# upgrading room lighting?



## philipgonzales3 (Dec 4, 2013)

I don't know much about lighting but I switched out my stock canopy for a glass top and a 4' one 5000K and one 6400K bulb. I was suprised at the difference, and I couldn't find any writing on the original bulbs to figure out what they were but anyway I noticed my room light isn't very bright. Would it be wise to look for some 5000K bulbs for my bedroom? Lol I know it's a silly question but JW.


----------



## DJRansome (Oct 29, 2005)

What bulbs do you have? Home bulbs come in different colors too. And old bulbs are not as bright as new ones.


----------



## philipgonzales3 (Dec 4, 2013)

I have a ceiling fan with 4 GE E12 candelera 13W 2,700K 850lumens. The bulbs are varying color with one being out and they are old. I think like 2 years and when I went to put them back another one went out because it didn't turn back on lol.

But anyway would 5,000K be too bright? I mostly only use the light when I want to see something at night or do homework. So I guess it would be nice to actually see when I do need them.


----------



## atreis (Jan 15, 2013)

K is the color, lumens is the brightness. 5000K will look A LOT bluer than the 2700K lights did. Most people like lights in the 2700-3500K range, as they have a color most like incandescent lights.

Whether you want them brighter or not (lumens) is really up to you.


----------



## philipgonzales3 (Dec 4, 2013)

well the lights look very yellow and I think this is the major problem. I thought 5000K was natural daylight and it had no hue, and 6500K had a blue hue? I'm not sure I can find a bulb this size in higher lumens. I haven't really checked but I need to replace the lights anyway as they are failing. You can see wavy light towards the ends of the bulbs and sometimes only the end is lit and the base is not lit up.


----------



## atreis (Jan 15, 2013)

Yes, 5000K is natural daylight (often called Cool White). If the current ones are more yellow than you want, then 5K would be good. (Many people prefer the look of incandescents, which are yellower than that.)


----------



## BillD (May 17, 2005)

I, for one, hate the look of incandescents.

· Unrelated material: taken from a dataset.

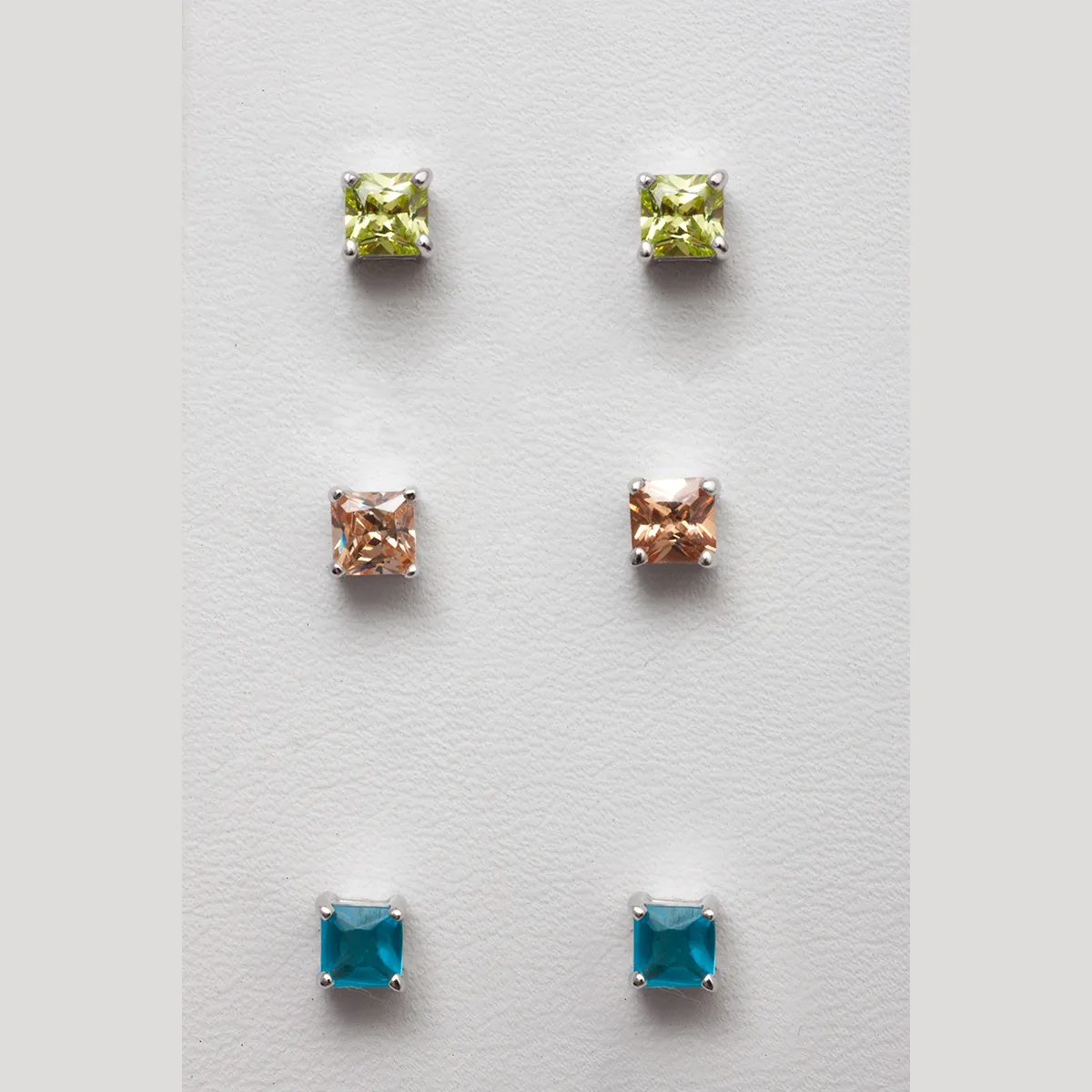silverline, 3 ζευγάρια ασημένια σκουλαρίκια μονόπετρα, καρφωτα 4Χ4χιλιοστά, unisex, με ζιργκόν γαλάζιο, λαδί & σαμπανιζέ

Cool White is in the 3000K range. The 5000K appear brighter because of the better quality of the light. When CFLs became available in 5000K and 6500 I was very pleased. Studies done in the past found that people (including school kids) were healthier under lights in the 5000K range. The lights used to treat SAD are in that range, very expensive and give the same results as inexpensive flourescents.


----------



## fmueller (Jan 11, 2004)

Philips sells 6500K as Daylight Deluxe™. Since I really like them over my tanks, I have also started using them elsewhere around the house - garage, laundry, other work areas. They are not what creates a candle light dinner atmosphere, but for most purposes I would not go back to 3000K Soft White alternative.


----------



## philipgonzales3 (Dec 4, 2013)

Cool, thanks for the info, I will let you know when my bulbs come in and if I like them or not.


----------



## fmueller (Jan 11, 2004)

For what it's worth, the Philips 6500K tubes are sold around here by Home Depot and potentially other hardware stores. A double pack of 4' tubes is about $7. That makes replacing them once a year very affordable.


----------



## philipgonzales3 (Dec 4, 2013)

I found some 5000K bulbs at walmart. The lights are for a ceiling fan so I know about the t8's and t5's but this is a E12 I think, it's like a regular bulb but smaller socket. Anyway the walmart bulbs were only 650 lumens vs the 800 2,700K bulbs that were in there so I was a bit worried about the drop in lumens but let me tell you. Wowwwwwwwww!!!!!!!! These bulbs made a world of a difference, way brighter, like night and day, I love them.


----------